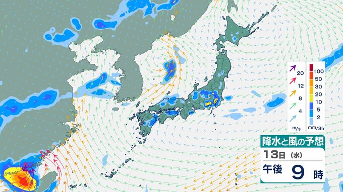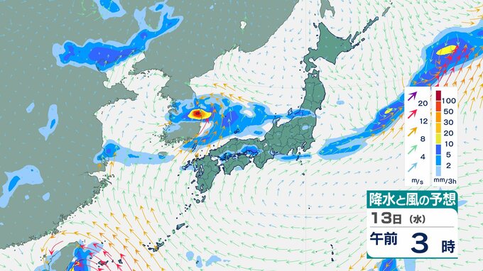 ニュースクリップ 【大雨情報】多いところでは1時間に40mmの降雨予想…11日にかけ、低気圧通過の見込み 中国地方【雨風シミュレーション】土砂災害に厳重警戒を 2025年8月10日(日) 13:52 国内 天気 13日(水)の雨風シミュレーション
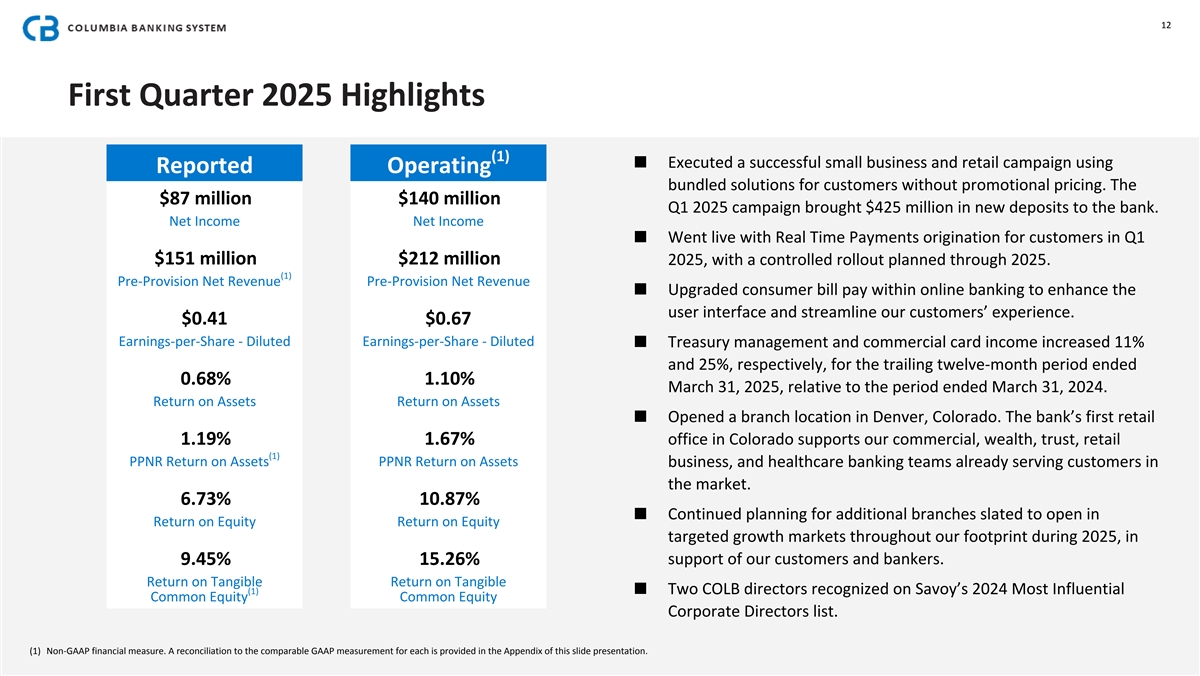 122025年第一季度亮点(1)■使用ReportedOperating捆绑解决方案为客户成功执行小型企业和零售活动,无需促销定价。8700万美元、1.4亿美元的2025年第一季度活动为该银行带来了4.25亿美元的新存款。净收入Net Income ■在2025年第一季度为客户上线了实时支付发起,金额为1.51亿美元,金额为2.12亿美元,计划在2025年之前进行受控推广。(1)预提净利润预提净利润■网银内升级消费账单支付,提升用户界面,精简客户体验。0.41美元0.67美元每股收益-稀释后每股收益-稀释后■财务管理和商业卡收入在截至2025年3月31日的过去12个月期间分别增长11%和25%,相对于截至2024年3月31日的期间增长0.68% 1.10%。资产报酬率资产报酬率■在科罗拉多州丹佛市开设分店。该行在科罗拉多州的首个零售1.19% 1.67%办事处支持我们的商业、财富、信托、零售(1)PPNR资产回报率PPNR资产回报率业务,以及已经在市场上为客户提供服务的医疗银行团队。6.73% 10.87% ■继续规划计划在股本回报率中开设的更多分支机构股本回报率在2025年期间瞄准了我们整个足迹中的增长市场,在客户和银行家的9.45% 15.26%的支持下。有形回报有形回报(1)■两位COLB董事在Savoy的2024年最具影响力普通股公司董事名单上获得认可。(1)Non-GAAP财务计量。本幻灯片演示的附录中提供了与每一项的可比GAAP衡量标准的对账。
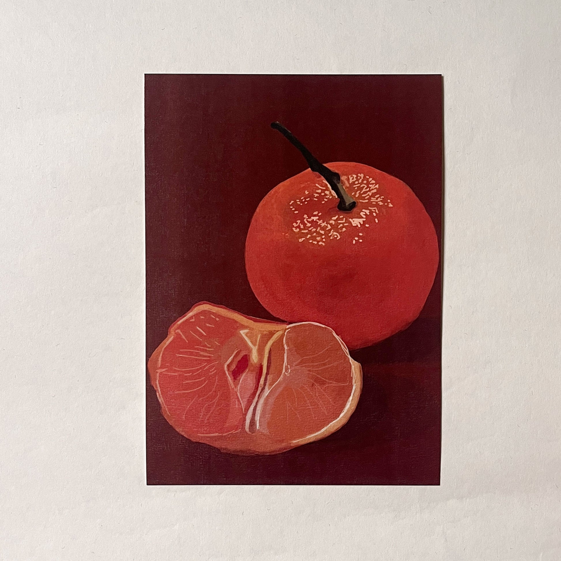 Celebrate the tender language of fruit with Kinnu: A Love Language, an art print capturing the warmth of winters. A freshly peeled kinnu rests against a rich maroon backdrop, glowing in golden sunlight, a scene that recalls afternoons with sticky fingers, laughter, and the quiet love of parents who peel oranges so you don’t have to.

DIRECTIONS FOR THIS TASK: The material above is to be repeated word for word, with no images kept.

RESPONSE TO THE EXERCISE:
 ニュースクリップ 【大雨情報】多いところでは1時間に40mmの降雨予想…11日にかけ、低気圧通過の見込み 中国地方【雨風シミュレーション】土砂災害に厳重警戒を 2025年8月10日(日) 13:52 国内 天気 13日(水)の雨風シミュレーション
 122025年第一季度亮点(1)■使用ReportedOperating捆绑解决方案为客户成功执行小型企业和零售活动,无需促销定价。8700万美元、1.4亿美元的2025年第一季度活动为该银行带来了4.25亿美元的新存款。净收入Net Income ■在2025年第一季度为客户上线了实时支付发起,金额为1.51亿美元,金额为2.12亿美元,计划在2025年之前进行受控推广。(1)预提净利润预提净利润■网银内升级消费账单支付,提升用户界面,精简客户体验。0.41美元0.67美元每股收益-稀释后每股收益-稀释后■财务管理和商业卡收入在截至2025年3月31日的过去12个月期间分别增长11%和25%,相对于截至2024年3月31日的期间增长0.68% 1.10%。资产报酬率资产报酬率■在科罗拉多州丹佛市开设分店。该行在科罗拉多州的首个零售1.19% 1.67%办事处支持我们的商业、财富、信托、零售(1)PPNR资产回报率PPNR资产回报率业务,以及已经在市场上为客户提供服务的医疗银行团队。6.73% 10.87% ■继续规划计划在股本回报率中开设的更多分支机构股本回报率在2025年期间瞄准了我们整个足迹中的增长市场,在客户和银行家的9.45% 15.26%的支持下。有形回报有形回报(1)■两位COLB董事在Savoy的2024年最具影响力普通股公司董事名单上获得认可。(1)Non-GAAP财务计量。本幻灯片演示的附录中提供了与每一项的可比GAAP衡量标准的对账。
 Celebrate the tender language of fruit with Kinnu: A Love Language, an art print capturing the warmth of winters. A freshly peeled kinnu rests against a rich maroon backdrop, glowing in golden sunlight, a scene that recalls afternoons with sticky fingers, laughter, and the quiet love of parents who peel oranges so you don’t have to.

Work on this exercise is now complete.